Great writeup Tesseract. I'm not quite certain I fully get the whole inductance thing, but what I did glean was that current ramp-up and ramp-down may not work as expected.

So, knowing that you use square-wave DC my first thought is that perhaps another way of putting it is that the motor "doesn't like it because it is noisy." Is that a good way of anthropomorphizing it? 

If that is the case, would a "noise filter" help (e.g. a minimal sized capacitor pack just large enough to smooth out voltage & current)? I get that it would not be ideal because when you let up on the accelerator there might be a moment of "trail-off" acceleration (dropping quickly) as the capacitor bank discharges, and likewise perhaps a barely perceptible lag from the time you hit the accelerator until full acceleration is available.

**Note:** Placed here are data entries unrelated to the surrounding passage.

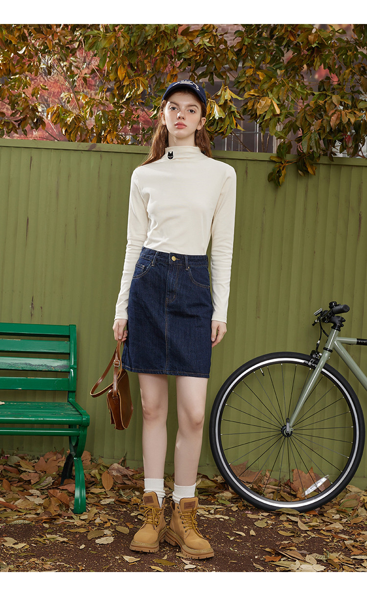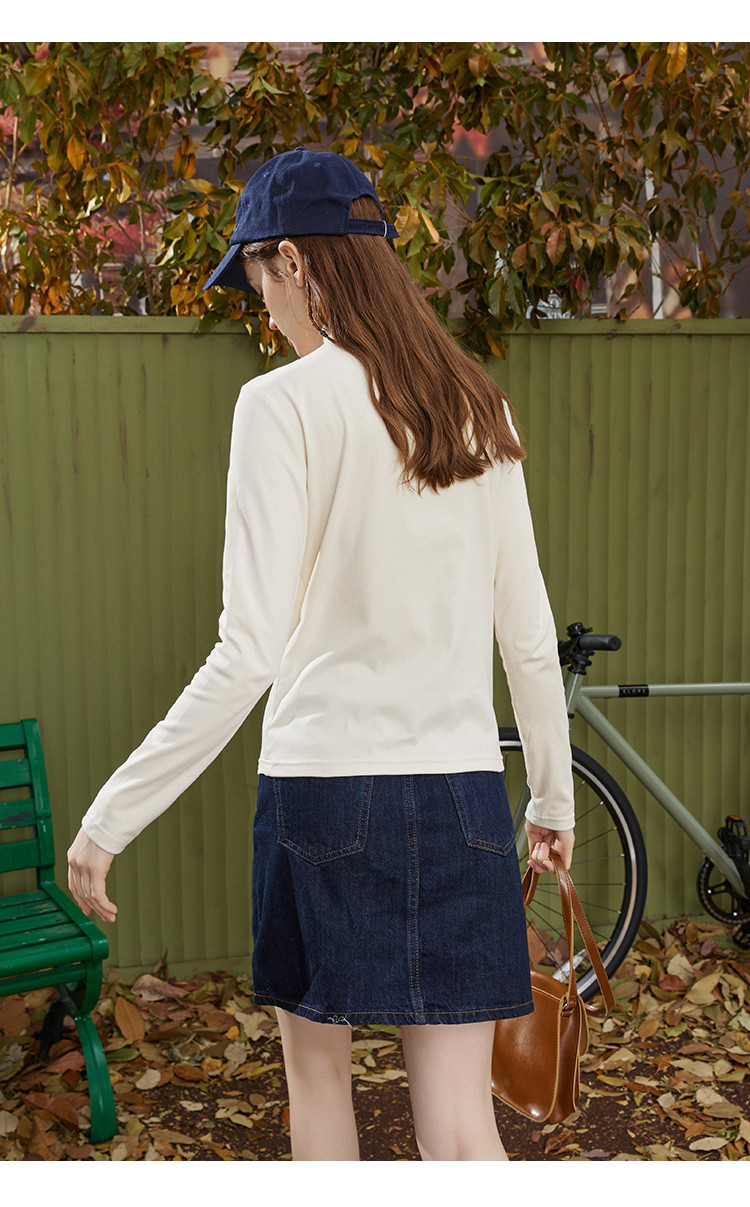 商品名称:【百搭打底衫】春秋高领正肩纯色长袖上衣休闲百搭保暖刺绣女 573341
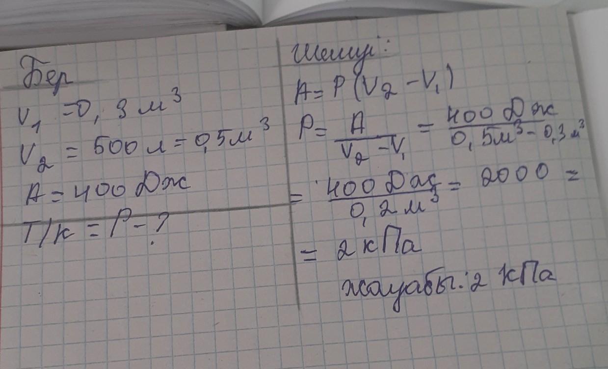 3. Газдың көлемі 0,3 м-ден 500 л-ге дейін тұрақты қысымда ұлғайған кезде 400 Дж жұмыс жасалды. Газдың қысымын табыңдар. (Жауабы: 2 кПа) көмек тесіндерш
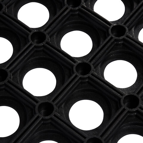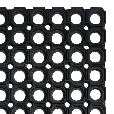 Крупноячеистое резиновое покрытие защищает помещение от уличной грязи.
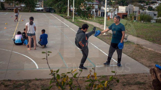 Enseña básquet los lunes, miércoles y viernes de tarde a tres grupos de vecinitos que van desde los seis a los 17 años. Además, en un rincón de la cancha un profesor de taekwondo da una clase, menos concurrida pero con alumnitos igual de comprometidos.
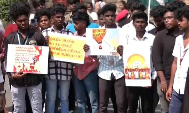 According to a Thanthi TV report, the students gathered in front of the college gate, protesting against the imposition of Hindi.
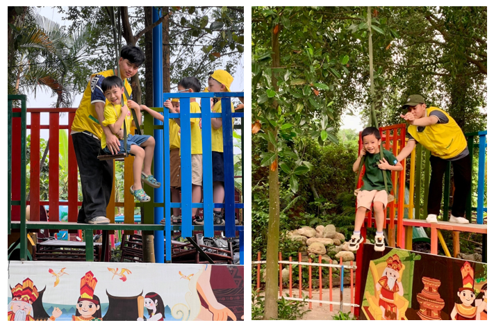 Vận động không ngừng nghỉ: Khu trò chơi liên hoàn và trượt zip là nơi các con thể hiện sự khéo léo và lòng dũng cảm.
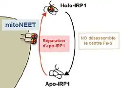 L’aconitase cytosolique (ou Holo-IRP1) perd son centre Fe-S à la suite d'un stress NO qui devient apo-IRP1. MitoNEET qui est localisée sur la membrane externe mitochondriale transfère son centre Fe-S à l’apo-IRP1 qui est réactivé en aconitase cytosolique[1],[2],[3],[4],[5],[6],[7],[8],[9],[10],[11],[12],[13],[14].
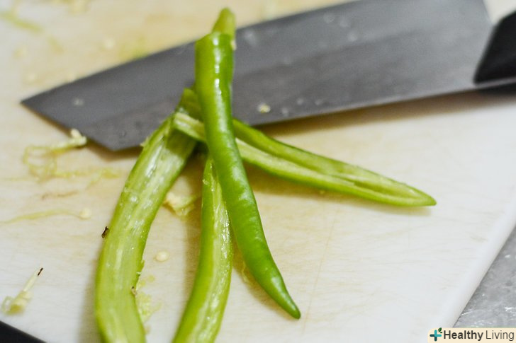 Приготуйте перці чилі. Відріжте верхівки перців і розріжте їх уздовж. Видаліть насіння. Потім поріжте очищені перці.- Намагайтеся не торкатися свого обличчя і очей, поки будете різати Чилі. Можливо, Вам варто надіти рукавички.
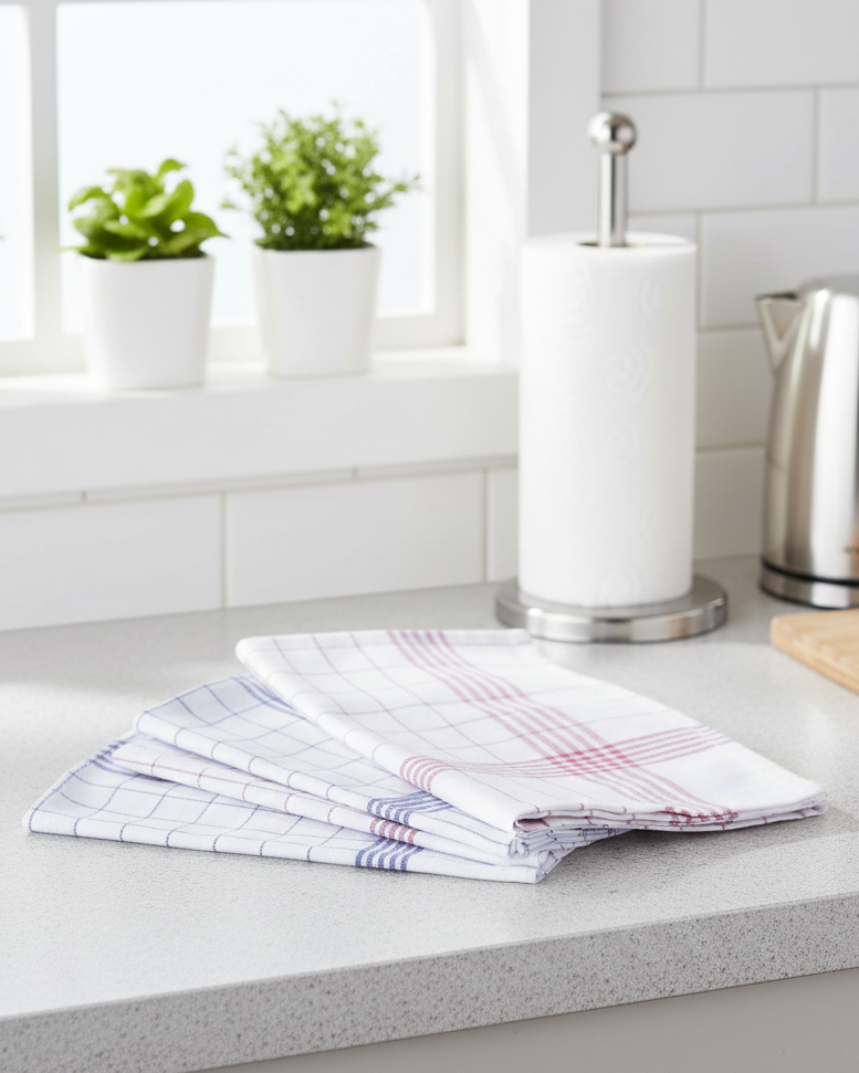 Ściereczki kuchenne w kraciastym wzorze (niebiesko-białym lub czerwono-białym) to idealne rozwiązanie do profesjonalnej kuchni. Wykonane są z wysokiej jakości 100% bawełny, co gwarantuje doskonałą absorpcję i trwałość. Rozmiar około 50 x 70 cm zapewnia wygodę użytkowania, a możliwość prania w temperaturze do 90°C sprawia, że są łatwe w pielęgnacji. Pakowane po 10 sztuk, posiadają zawieszki po obu stronach ułatwiające przechowywanie. Produkt posiada certyfikat Oeko Tex Standard 100, co potwierdza jego bezpieczeństwo dla środowiska i zdrowia. Idealne do użytku profesjonalnego w branży HoReCa oraz do codziennego użytku w domu.

But, it seems as though sizing the unit properly could make that barely perceptible / not a safety concern.

And, as I say this I fully expect that in my ignorance such a "solution" might cause more problems than it solves...


----------



## Tesseract (Sep 27, 2008)

PhantomPholly said:


> Great writeup Tesseract.


Thanks... would you believe some one gave me negative reputation for that post?



PhantomPholly said:


> ...So, knowing that you use square-wave DC my first thought is that perhaps another way of putting it is that the motor "doesn't like it because it is noisy." Is that a good way of anthropomorphizing it?
> 
> If that is the case, would a "noise filter" help (e.g. a minimal sized capacitor pack just large enough to smooth out voltage & current)?...


You are actually correct... Go figure! 

More specifically, inductance smooths out the current waveform while capacitance smooths out the voltage waveform. With enough of both you can get arbitrarily close to pure DC. Note that you must place the capacitor across the motor's armature, not across the entire motor, otherwise the capacitor will present a low impedance to the controller and potentially destroy it. At any rate, the only real benefit to adding capacitance across the motor armature is a (dramatic) reduction in electrical noise emissions - it won't really affect the controller at all.


----------